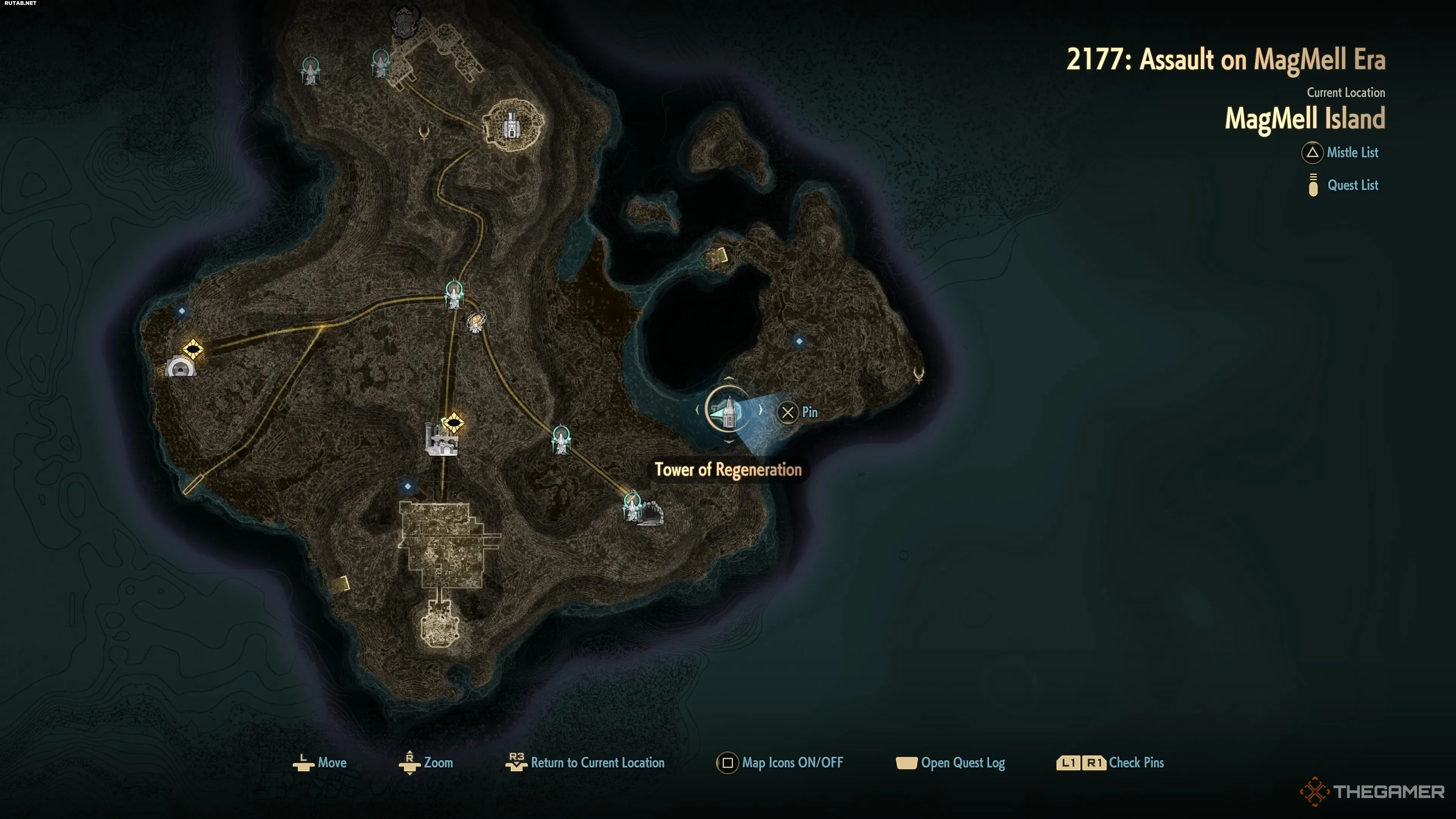 На МагМелле есть всего одна Башня Регенерации. Она находится в восточной части острова, немного южнее.
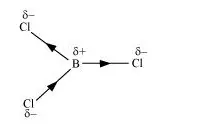 As a result of the difference in the electronegativities of B and Cl, the B–Cl bond is polar in nature. However, the BCl3 molecule is non-polar. This is because BCl3 is trigonal planar in shape. It is a symmetrical molecule. Hence, the respective dipole-moments of the B–Cl bond cancel each other, thereby causing a zero-dipole moment.
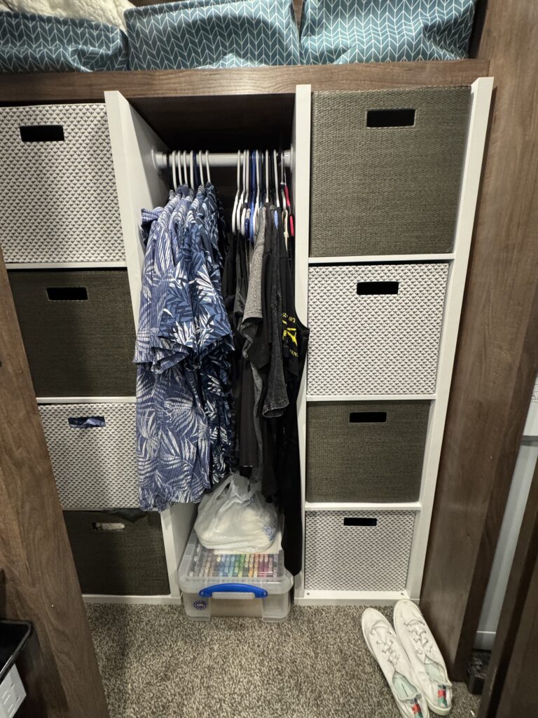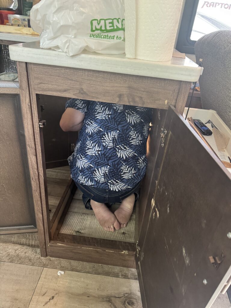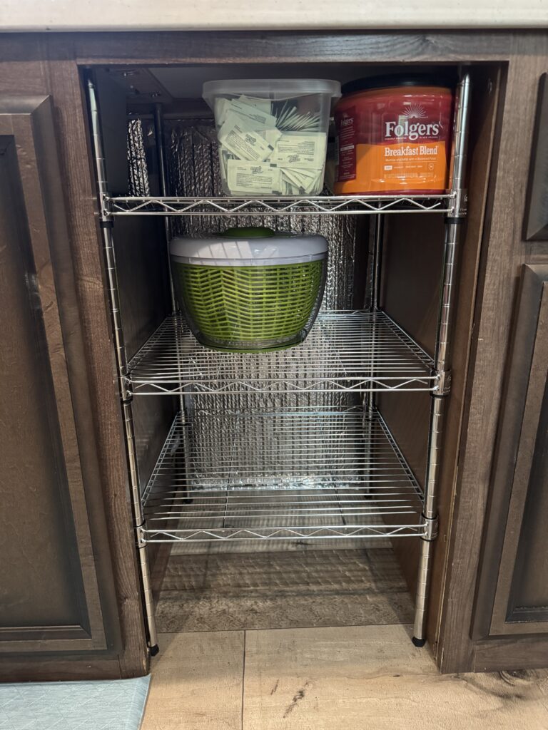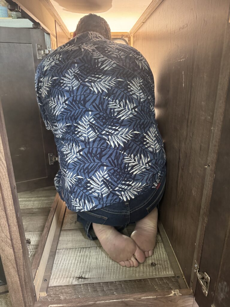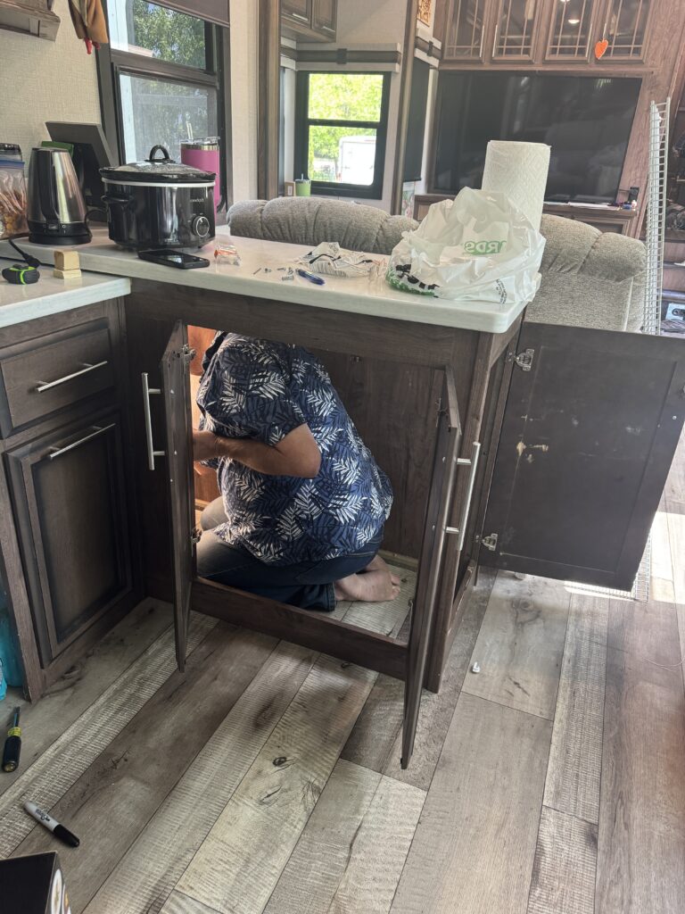 I decided that I didn’t like the pull out shelf in the bar area, so Ed gutted it and put in shelving for me. He also put shelving in the area where the dishwasher was removed. I am thrilled to have more efficient use of the area! I had to snap these photos of Ed all squished up in the space under the bar! LOL! We spent the first two weeks here upgrading the kitchen stuff. It was all worth it and I love how organized everything is now! We also organized and upgraded several things throughout the camper during our stay here. I swear Menard’s started contemplating putting us on the payroll, we were there so often.

# HOW TO COMPLETE THIS TASK:
Restate word for word each line from the top of the listing down to and including the line that holds "As a result". Drop any pictures.

# TASK RESULT:
 На МагМелле есть всего одна Башня Регенерации. Она находится в восточной части острова, немного южнее.
 As a result of the difference in the electronegativities of B and Cl, the B–Cl bond is polar in nature. However, the BCl3 molecule is non-polar. This is because BCl3 is trigonal planar in shape. It is a symmetrical molecule. Hence, the respective dipole-moments of the B–Cl bond cancel each other, thereby causing a zero-dipole moment.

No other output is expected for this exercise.